- **Data in this exercise**
_ _ _ _ _ _ _

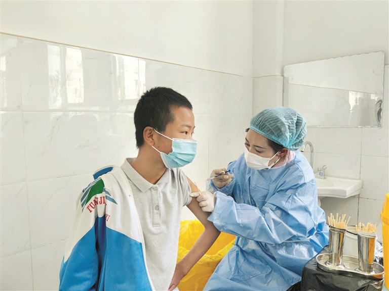 圖為拉薩市第八中學學生正在接種疫苗。拉薩融媒記者 余洋洋攝
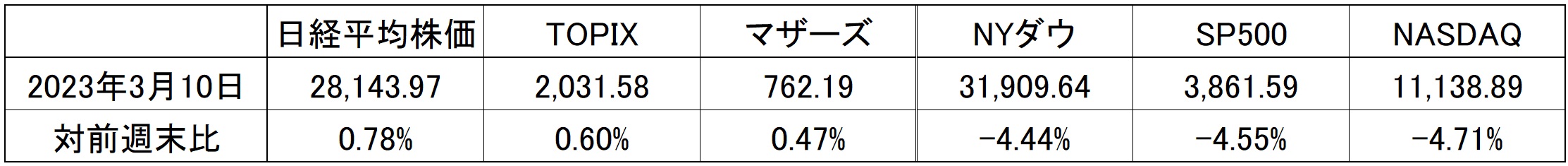 銀行株の下落がNYダウに大きなインパクトとなり、また「シリコンバレーのスタートアップ」にも影響があるだろうと考えられたことで、ナスダックも下落。週を通じた騰落率では、米国市場は総じて大きく下落した。
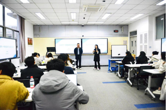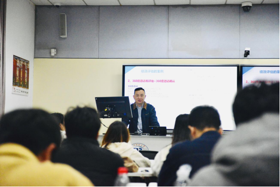 江中原首先分享了他的职业历程,拉近了与同学们的距离。接着,他深入浅出地讲解了目标管理、绩效评估等方面的内容。期间,他通过"OKR目标拆解法"与"多维绩效评估模型"的实战案例,将抽象的管理理论转化为可操作的职场工具,生动地展示了绩效评估的准则与方法。他鼓励同学们结合案例自主思考得出绩效结果,引导学生进行深度思考。江中原的分享不仅让正在学习《数智时代的绩效管理》课程的学生们对实际企业中的绩效管理有了更深的认识,同时也拓宽了知识视野,增强了对课程核心概念的理解。
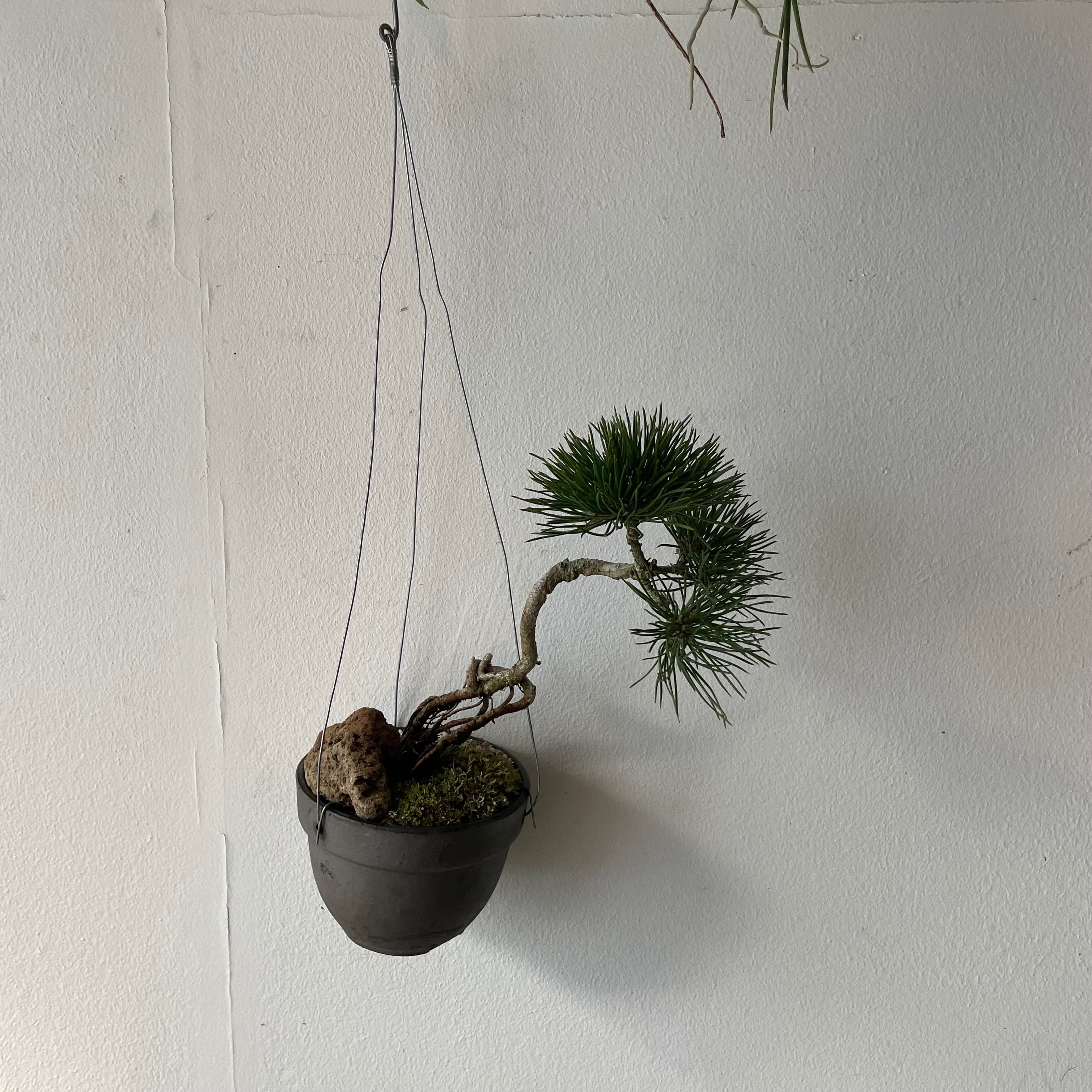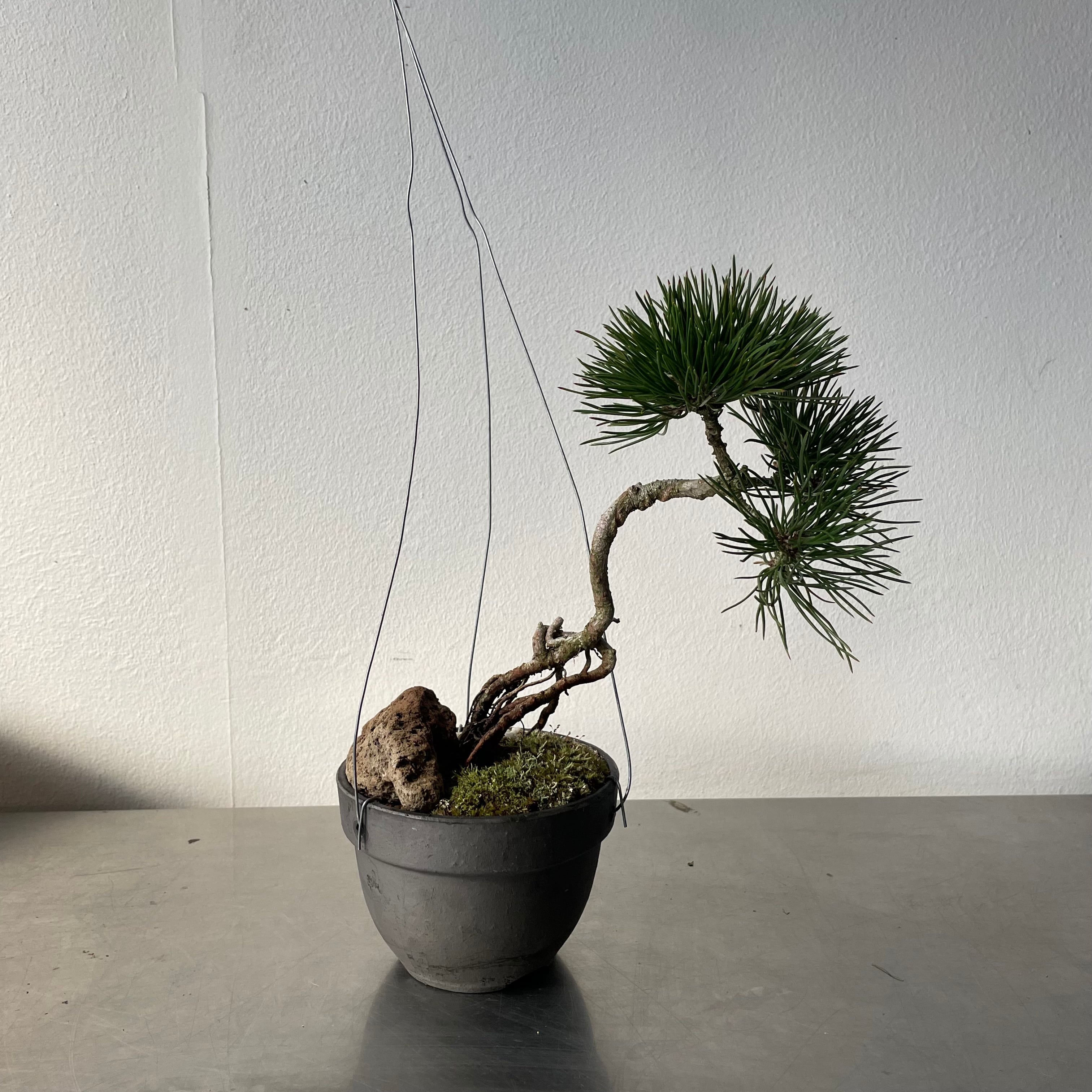 吊るすことも置くことも出来る黒松です。
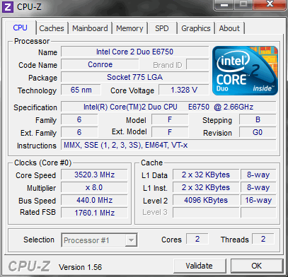 | Разгон, максимально стабильная частота (FSB x Ratio) | 3520 (440 x 8.0) |

_ _ _ _ _ _ _

- **Task requirements**
Leave out the pictures and return the listing exactly.

- **Answer to this problem**
 圖為拉薩市第八中學學生正在接種疫苗。拉薩融媒記者 余洋洋攝
 銀行株の下落がNYダウに大きなインパクトとなり、また「シリコンバレーのスタートアップ」にも影響があるだろうと考えられたことで、ナスダックも下落。週を通じた騰落率では、米国市場は総じて大きく下落した。
 江中原首先分享了他的职业历程,拉近了与同学们的距离。接着,他深入浅出地讲解了目标管理、绩效评估等方面的内容。期间,他通过"OKR目标拆解法"与"多维绩效评估模型"的实战案例,将抽象的管理理论转化为可操作的职场工具,生动地展示了绩效评估的准则与方法。他鼓励同学们结合案例自主思考得出绩效结果,引导学生进行深度思考。江中原的分享不仅让正在学习《数智时代的绩效管理》课程的学生们对实际企业中的绩效管理有了更深的认识,同时也拓宽了知识视野,增强了对课程核心概念的理解。
 吊るすことも置くことも出来る黒松です。
 | Разгон, максимально стабильная частота (FSB x Ratio) | 3520 (440 x 8.0) |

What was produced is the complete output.